== RECORD EXTRACTS

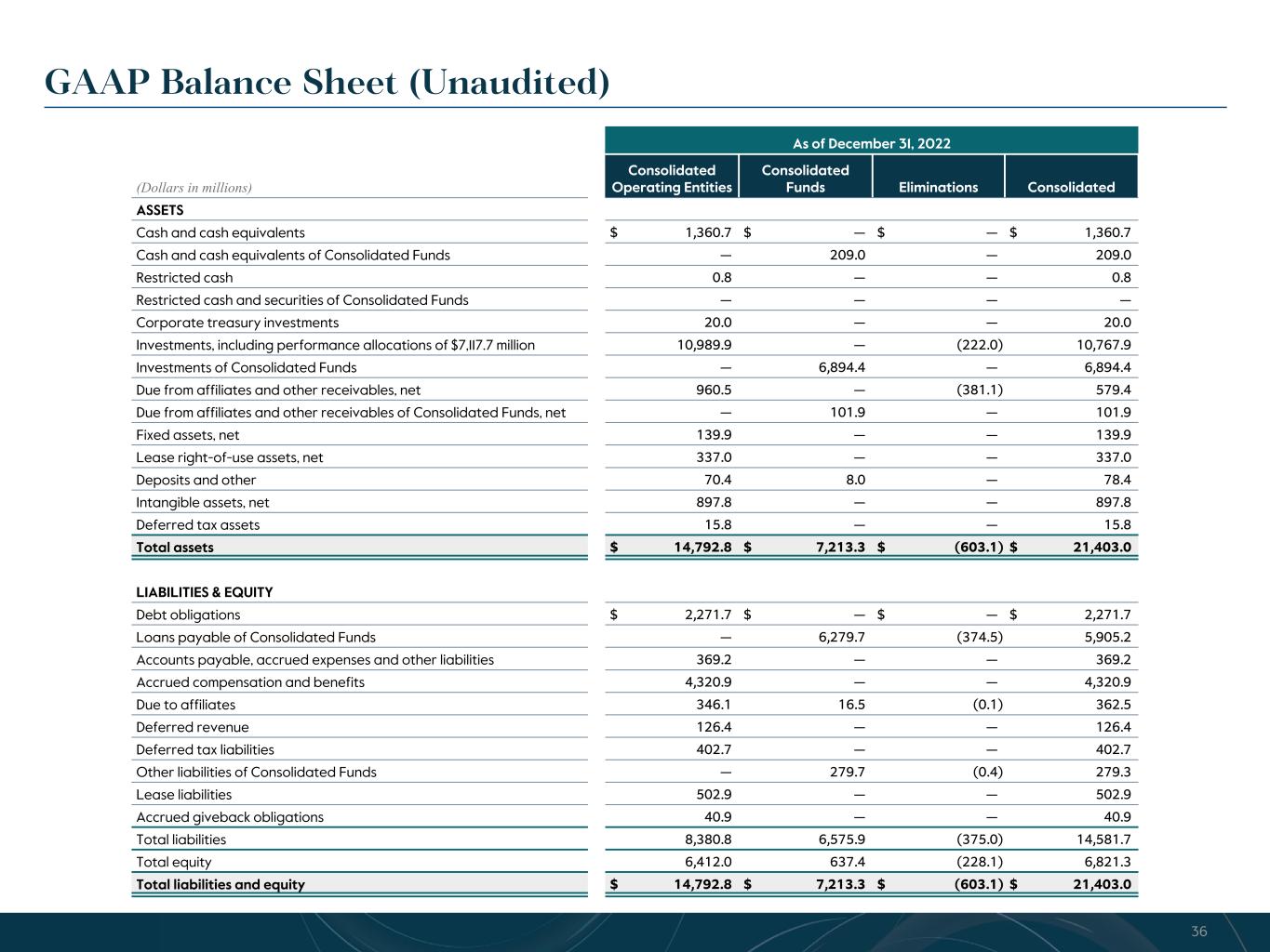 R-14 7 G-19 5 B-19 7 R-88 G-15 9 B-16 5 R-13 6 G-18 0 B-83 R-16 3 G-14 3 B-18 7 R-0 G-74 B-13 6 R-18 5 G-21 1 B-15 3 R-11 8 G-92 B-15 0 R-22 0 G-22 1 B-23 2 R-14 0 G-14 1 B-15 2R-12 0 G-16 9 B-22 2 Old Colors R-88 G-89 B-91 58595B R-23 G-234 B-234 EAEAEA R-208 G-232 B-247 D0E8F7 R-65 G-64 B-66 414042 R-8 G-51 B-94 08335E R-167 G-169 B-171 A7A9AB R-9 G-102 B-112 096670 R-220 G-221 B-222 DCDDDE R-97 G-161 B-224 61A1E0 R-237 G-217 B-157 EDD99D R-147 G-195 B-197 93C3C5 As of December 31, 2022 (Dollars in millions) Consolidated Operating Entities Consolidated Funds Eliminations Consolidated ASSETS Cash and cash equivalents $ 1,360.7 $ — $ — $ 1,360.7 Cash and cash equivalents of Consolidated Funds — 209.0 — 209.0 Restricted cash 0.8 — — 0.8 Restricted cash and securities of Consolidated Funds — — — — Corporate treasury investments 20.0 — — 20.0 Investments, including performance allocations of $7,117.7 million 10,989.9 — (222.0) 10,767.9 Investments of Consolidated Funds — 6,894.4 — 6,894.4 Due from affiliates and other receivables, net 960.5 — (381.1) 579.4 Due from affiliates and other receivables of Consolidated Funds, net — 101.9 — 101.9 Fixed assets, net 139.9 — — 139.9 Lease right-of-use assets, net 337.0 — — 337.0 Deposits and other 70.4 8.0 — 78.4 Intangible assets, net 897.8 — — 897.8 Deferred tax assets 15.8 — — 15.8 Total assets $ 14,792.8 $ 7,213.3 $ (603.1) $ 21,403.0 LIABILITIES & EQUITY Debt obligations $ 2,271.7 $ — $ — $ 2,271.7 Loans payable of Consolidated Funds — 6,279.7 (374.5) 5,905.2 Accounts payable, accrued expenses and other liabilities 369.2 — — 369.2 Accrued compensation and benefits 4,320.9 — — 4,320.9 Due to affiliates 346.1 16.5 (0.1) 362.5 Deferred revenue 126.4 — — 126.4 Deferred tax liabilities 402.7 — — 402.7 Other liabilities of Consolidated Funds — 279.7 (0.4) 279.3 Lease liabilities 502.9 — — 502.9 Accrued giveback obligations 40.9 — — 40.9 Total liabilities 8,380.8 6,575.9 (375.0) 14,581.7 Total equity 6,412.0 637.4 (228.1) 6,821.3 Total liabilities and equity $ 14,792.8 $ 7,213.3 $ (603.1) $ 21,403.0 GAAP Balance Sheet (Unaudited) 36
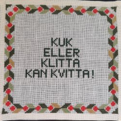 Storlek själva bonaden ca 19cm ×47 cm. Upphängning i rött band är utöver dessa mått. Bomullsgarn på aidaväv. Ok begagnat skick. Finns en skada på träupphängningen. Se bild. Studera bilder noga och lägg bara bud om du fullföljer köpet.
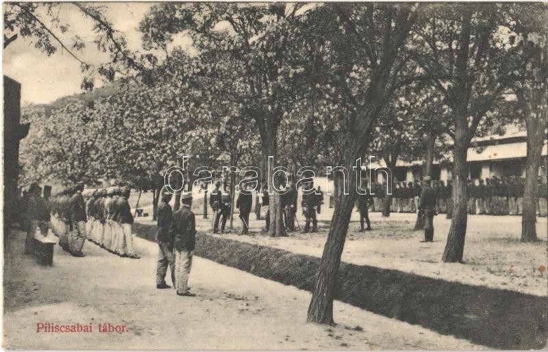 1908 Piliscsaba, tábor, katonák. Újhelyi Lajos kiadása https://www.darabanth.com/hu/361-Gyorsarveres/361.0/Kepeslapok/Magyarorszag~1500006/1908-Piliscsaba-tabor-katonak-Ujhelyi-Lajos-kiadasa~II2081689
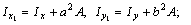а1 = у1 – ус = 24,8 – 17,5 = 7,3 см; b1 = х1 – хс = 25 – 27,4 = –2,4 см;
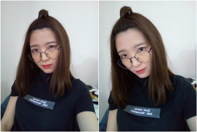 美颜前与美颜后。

====
== RECORD EXTRACTS

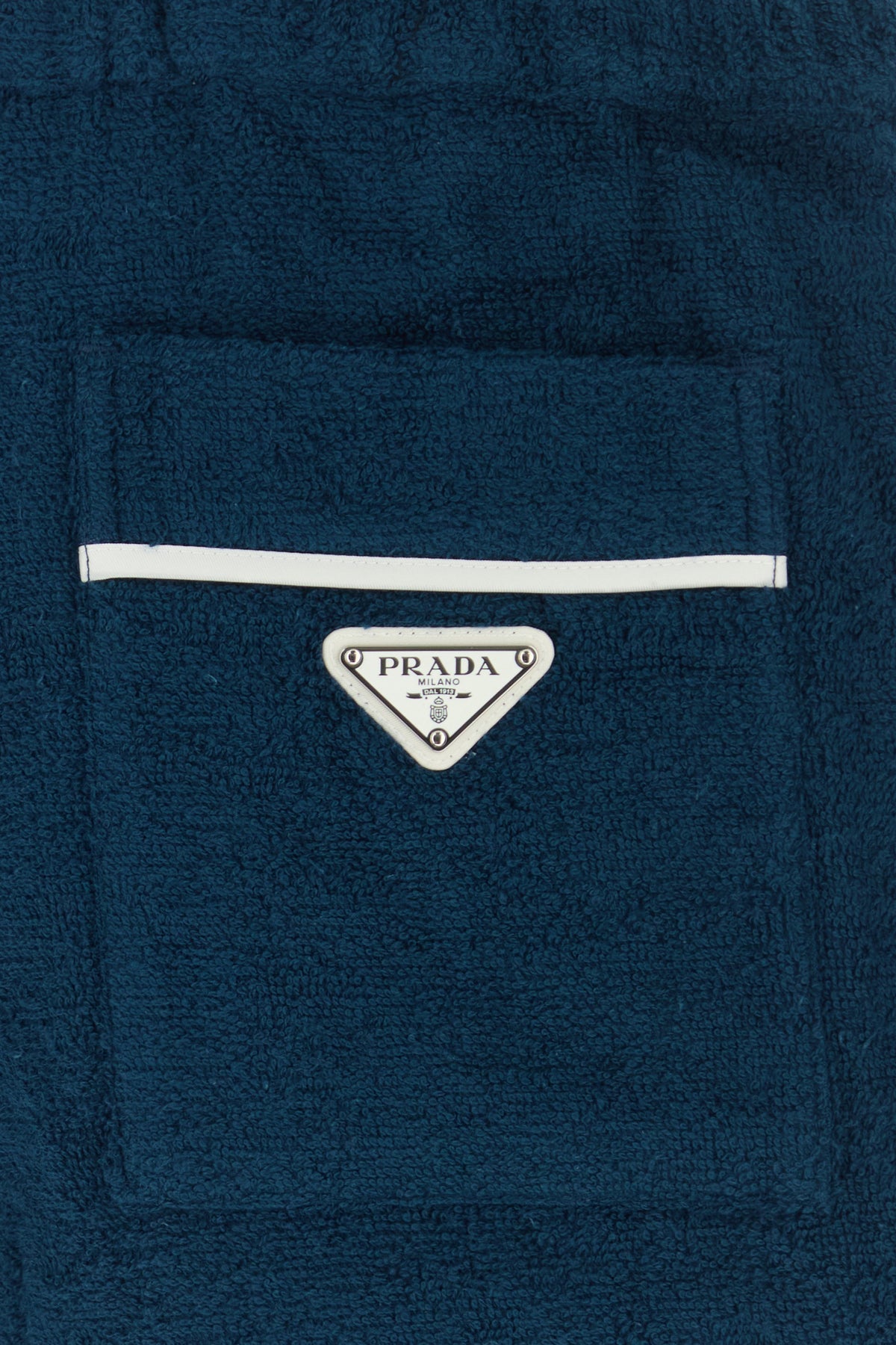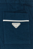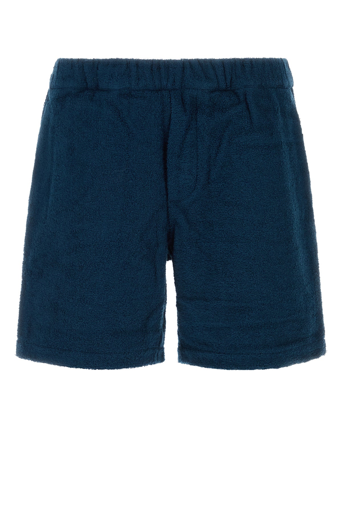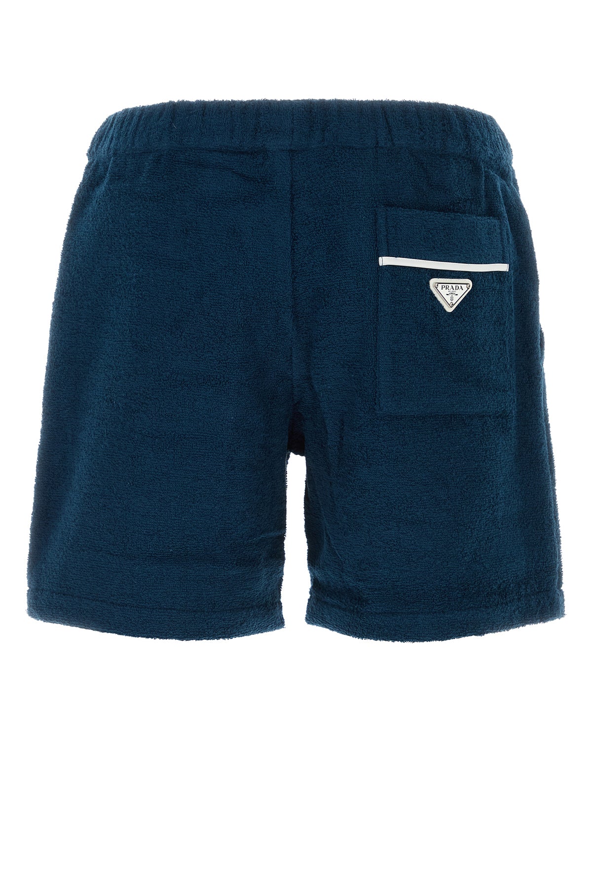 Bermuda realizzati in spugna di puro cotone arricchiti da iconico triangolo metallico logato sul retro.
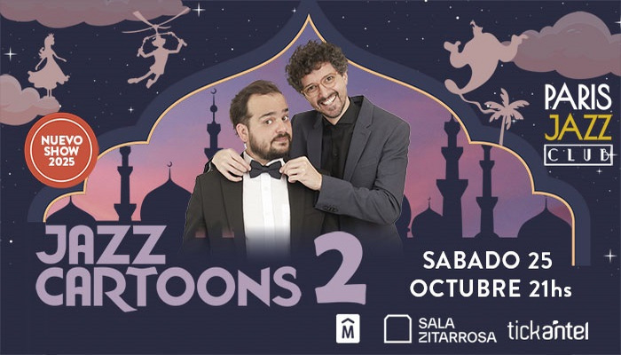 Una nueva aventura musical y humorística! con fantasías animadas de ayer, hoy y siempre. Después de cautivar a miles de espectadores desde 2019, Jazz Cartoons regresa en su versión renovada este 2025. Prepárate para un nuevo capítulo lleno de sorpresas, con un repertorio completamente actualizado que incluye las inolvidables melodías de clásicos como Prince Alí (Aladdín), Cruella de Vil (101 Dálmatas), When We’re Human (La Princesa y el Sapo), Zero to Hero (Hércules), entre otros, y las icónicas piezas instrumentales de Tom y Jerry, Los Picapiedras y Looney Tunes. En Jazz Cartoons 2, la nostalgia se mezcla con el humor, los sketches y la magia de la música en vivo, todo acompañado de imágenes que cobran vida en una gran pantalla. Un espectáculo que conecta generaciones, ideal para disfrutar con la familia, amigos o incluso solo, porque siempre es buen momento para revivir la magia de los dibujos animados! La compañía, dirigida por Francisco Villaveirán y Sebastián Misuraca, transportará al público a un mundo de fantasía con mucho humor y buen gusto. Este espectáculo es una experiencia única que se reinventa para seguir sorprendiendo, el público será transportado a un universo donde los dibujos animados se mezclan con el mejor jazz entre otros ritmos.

====
== RECORD EXTRACTS

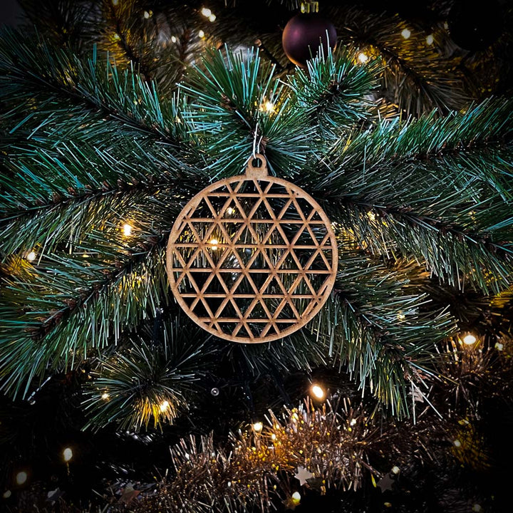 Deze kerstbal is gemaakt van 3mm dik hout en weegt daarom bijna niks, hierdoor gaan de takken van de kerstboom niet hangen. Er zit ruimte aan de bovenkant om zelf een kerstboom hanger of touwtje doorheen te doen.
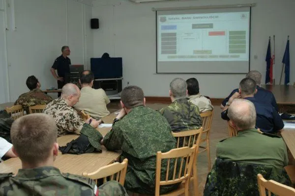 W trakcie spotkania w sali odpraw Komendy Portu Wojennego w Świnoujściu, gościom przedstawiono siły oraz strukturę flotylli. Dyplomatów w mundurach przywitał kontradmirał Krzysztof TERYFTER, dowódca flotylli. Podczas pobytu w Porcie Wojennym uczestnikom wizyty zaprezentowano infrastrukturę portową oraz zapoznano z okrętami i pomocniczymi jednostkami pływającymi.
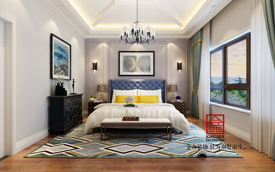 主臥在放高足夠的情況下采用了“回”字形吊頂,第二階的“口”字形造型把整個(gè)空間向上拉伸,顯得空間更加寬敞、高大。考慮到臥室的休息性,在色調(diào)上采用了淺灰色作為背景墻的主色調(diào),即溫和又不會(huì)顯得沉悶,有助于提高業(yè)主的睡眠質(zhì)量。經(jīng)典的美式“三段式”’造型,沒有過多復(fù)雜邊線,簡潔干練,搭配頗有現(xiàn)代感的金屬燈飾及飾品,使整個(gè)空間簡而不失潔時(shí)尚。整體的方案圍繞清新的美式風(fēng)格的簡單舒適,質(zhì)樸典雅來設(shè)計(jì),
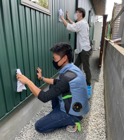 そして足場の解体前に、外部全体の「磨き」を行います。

====

> **TASK ITEM**
Give back exactly the lines above that run from the one with "主臥在放高足夠的情況下采用了" to the one with "そして足場の解体前に、外部全体の「磨き」を行います。", including both, with the pictures left out.

> **RESULT**
 主臥在放高足夠的情況下采用了“回”字形吊頂,第二階的“口”字形造型把整個(gè)空間向上拉伸,顯得空間更加寬敞、高大。考慮到臥室的休息性,在色調(diào)上采用了淺灰色作為背景墻的主色調(diào),即溫和又不會(huì)顯得沉悶,有助于提高業(yè)主的睡眠質(zhì)量。經(jīng)典的美式“三段式”’造型,沒有過多復(fù)雜邊線,簡潔干練,搭配頗有現(xiàn)代感的金屬燈飾及飾品,使整個(gè)空間簡而不失潔時(shí)尚。整體的方案圍繞清新的美式風(fēng)格的簡單舒適,質(zhì)樸典雅來設(shè)計(jì),
 そして足場の解体前に、外部全体の「磨き」を行います。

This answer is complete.